§ Work request:
Without changing a word, return the listing below, minus its images.

§ Dataset excerpt:
##########

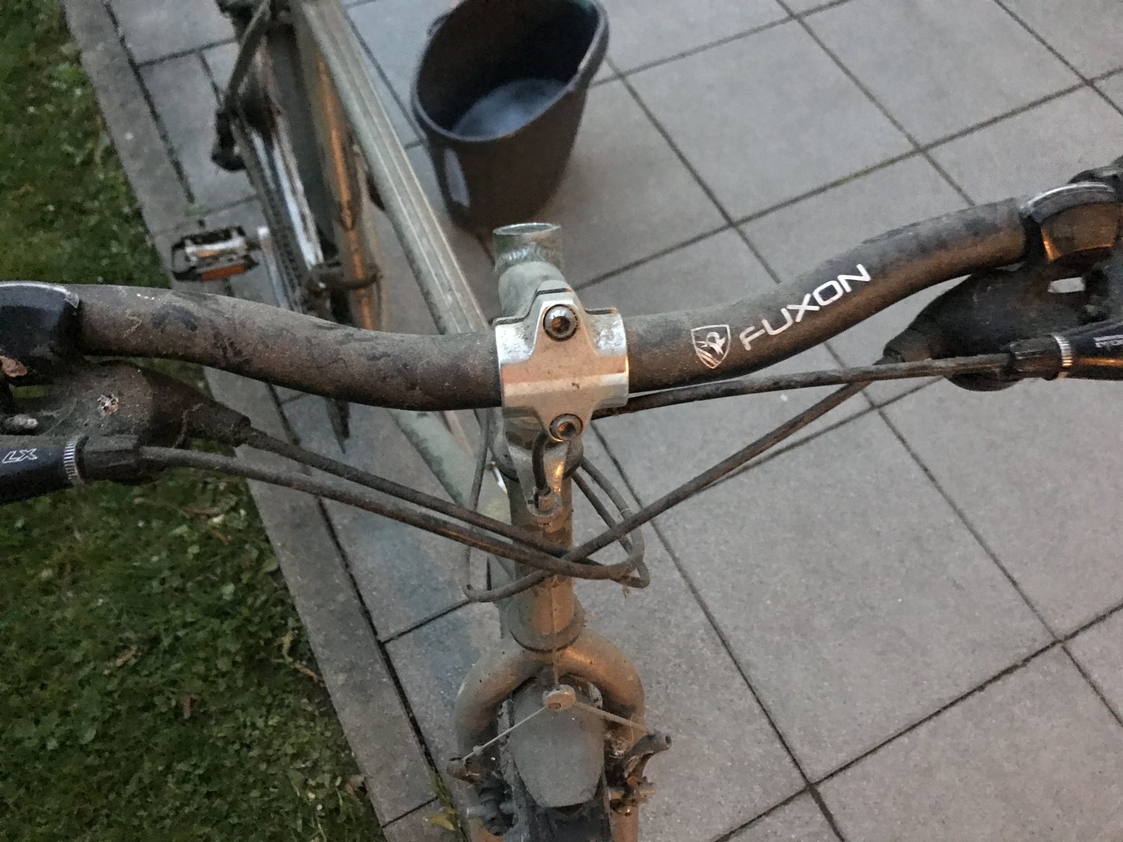Mavic 501-Naben, einen Answer-Vorbau, einen XT-UW, XTR-Schaltgriffe mit Shogun-Schellen und Maguras (jedoch ohne korrekte Brake Booster). Das alles befand sich m. E. überraschenderweise in einem ziemlich guten Zustand, der LRS war top, obwohl das Rad augenscheinlich nie gepflegt wurde. Die
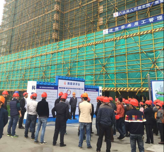 為積極貫徹落實(shí)住建部工程質(zhì)量治理兩年行動方案,進(jìn)一步深化2015年“質(zhì)量月”活動,做好建設(shè)工程質(zhì)量安全管理工作,總結(jié)和推廣優(yōu)質(zhì)項目的標(biāo)準(zhǔn)化效果和經(jīng)驗(yàn),不斷提高工程質(zhì)量水平。11月21日,集團(tuán)公司在紫金玉瀾二期項目部組織召開工程質(zhì)量管理現(xiàn)場觀摩交流會,分公司負(fù)責(zé)人、各在建工程項目負(fù)責(zé)人及技術(shù)負(fù)責(zé)人等兩百余人參加了此次現(xiàn)場觀摩會。
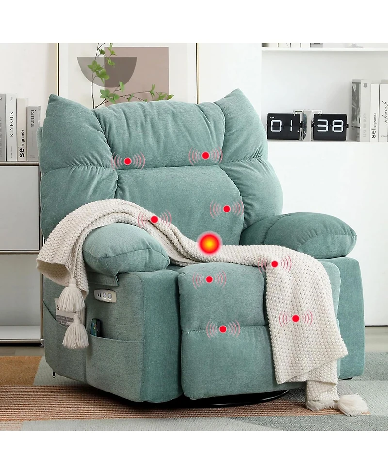 Experience the ultimate in comfort and convenience with the Power Massage Recliner. Featuring a heated swivel function (8 comfortable massage points and lumbar heating) as well as Usb and Usb-c ports, this upgraded power recliner can be switched on or off at the touch of a button, and can be used for everything you need to unwind after a busy day. You can adjust the angle of the backrest (90°-160°) and the height of the footrest (0-90°) at will. Meanwhile, the 270-degree swivel and 30-degree forward/backward horizontal rocking functions bring you the ultimate home theatre experience. Arrives in one box and assembles quickly with simple instructions, so you can enjoy your new chair without stress.

##########

§ Task answer:
Mavic 501-Naben, einen Answer-Vorbau, einen XT-UW, XTR-Schaltgriffe mit Shogun-Schellen und Maguras (jedoch ohne korrekte Brake Booster). Das alles befand sich m. E. überraschenderweise in einem ziemlich guten Zustand, der LRS war top, obwohl das Rad augenscheinlich nie gepflegt wurde. Die
 為積極貫徹落實(shí)住建部工程質(zhì)量治理兩年行動方案,進(jìn)一步深化2015年“質(zhì)量月”活動,做好建設(shè)工程質(zhì)量安全管理工作,總結(jié)和推廣優(yōu)質(zhì)項目的標(biāo)準(zhǔn)化效果和經(jīng)驗(yàn),不斷提高工程質(zhì)量水平。11月21日,集團(tuán)公司在紫金玉瀾二期項目部組織召開工程質(zhì)量管理現(xiàn)場觀摩交流會,分公司負(fù)責(zé)人、各在建工程項目負(fù)責(zé)人及技術(shù)負(fù)責(zé)人等兩百余人參加了此次現(xiàn)場觀摩會。
 Experience the ultimate in comfort and convenience with the Power Massage Recliner. Featuring a heated swivel function (8 comfortable massage points and lumbar heating) as well as Usb and Usb-c ports, this upgraded power recliner can be switched on or off at the touch of a button, and can be used for everything you need to unwind after a busy day. You can adjust the angle of the backrest (90°-160°) and the height of the footrest (0-90°) at will. Meanwhile, the 270-degree swivel and 30-degree forward/backward horizontal rocking functions bring you the ultimate home theatre experience. Arrives in one box and assembles quickly with simple instructions, so you can enjoy your new chair without stress.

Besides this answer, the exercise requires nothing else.